◆ SUPPLIED INFORMATION
=-=-=-=-=

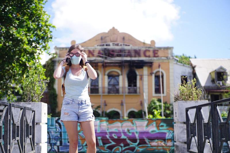 Nous nous garons autour de la fameuse place de la Victoire, grande place ronde face à la mer de laquelle on aperçoit un bout du Mémorial ACTe (Centre caribéen d’expressions et de mémoire de la Traite et de l’Esclavage). On se laisse guider par notre instinct (comprendre « on se perd ») dans les rues. Elles témoignent à la fois d’une certaine difficulté à les entretenir, dû aux cyclones qui frappent le pays chaque année et peut-être aussi par pauvreté, et à la fois belles et remplies de couleurs à l’image de certains bâtiments remis à neufs, d’autres recouverts d’immenses fresques colorées.
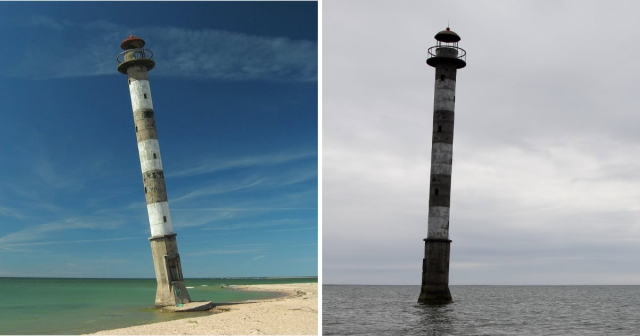 Built in 1933 on land, 100-150 meters from the shore, but over time it became surrounded by water and tilted. Currently officially abandoned.
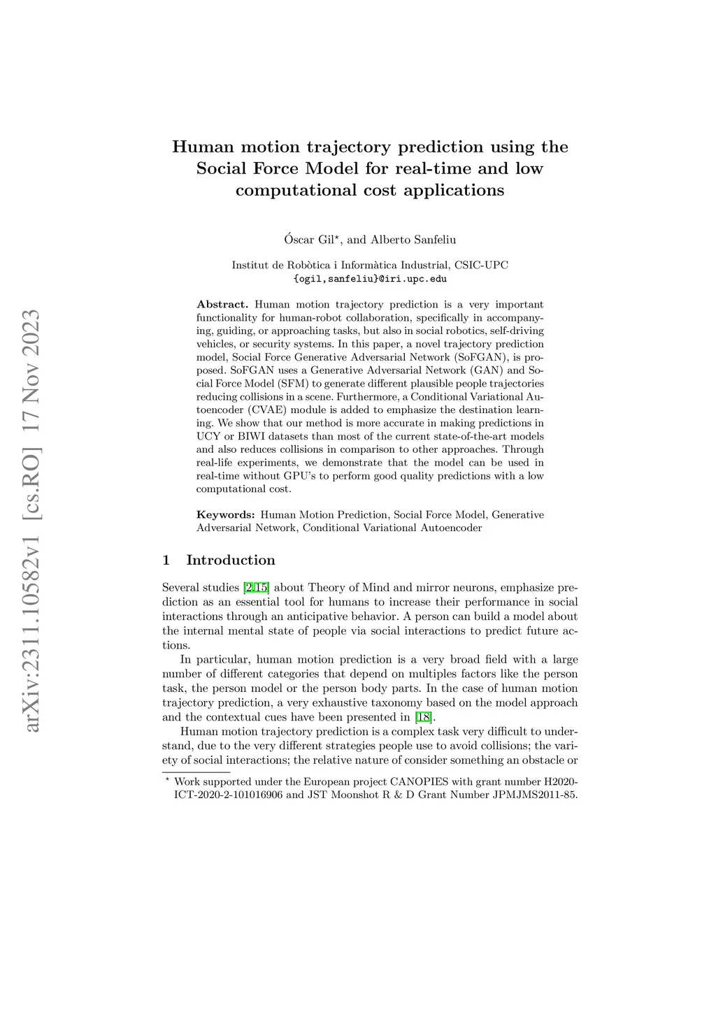 Human motion trajectory prediction is a very important functionality for human-robot collaboration, specifically in accompanying, guiding, or approaching tasks, but also in social robotics, self-driving vehicles, or security systems. In this paper, a novel trajectory prediction model, Social Force Generative Adversarial Network (SoFGAN), is proposed. SoFGAN uses a Generative Adversarial Network (GAN) and Social Force Model (SFM) to generate different plausible people trajectories reducing collisions in a scene. Furthermore, a Conditional Variational Autoencoder (CVAE) module is added to emphasize the destination learning. We show that our method is more accurate in making predictions in UCY or BIWI datasets than most of the current state-of-the-art models and also reduces collisions in comparison to other approaches. Through real-life experiments, we demonstrate that the model can be used in real-time without GPU's to perform good quality predictions with a low computational cost.

=-=-=-=-=

◆ YOUR GOAL
Starting at the first line of the material, output exactly the lines up to and including the one with "Built in 1933". Do not include the pictures.

◆ SOLUTION BELOW
 Nous nous garons autour de la fameuse place de la Victoire, grande place ronde face à la mer de laquelle on aperçoit un bout du Mémorial ACTe (Centre caribéen d’expressions et de mémoire de la Traite et de l’Esclavage). On se laisse guider par notre instinct (comprendre « on se perd ») dans les rues. Elles témoignent à la fois d’une certaine difficulté à les entretenir, dû aux cyclones qui frappent le pays chaque année et peut-être aussi par pauvreté, et à la fois belles et remplies de couleurs à l’image de certains bâtiments remis à neufs, d’autres recouverts d’immenses fresques colorées.
 Built in 1933 on land, 100-150 meters from the shore, but over time it became surrounded by water and tilted. Currently officially abandoned.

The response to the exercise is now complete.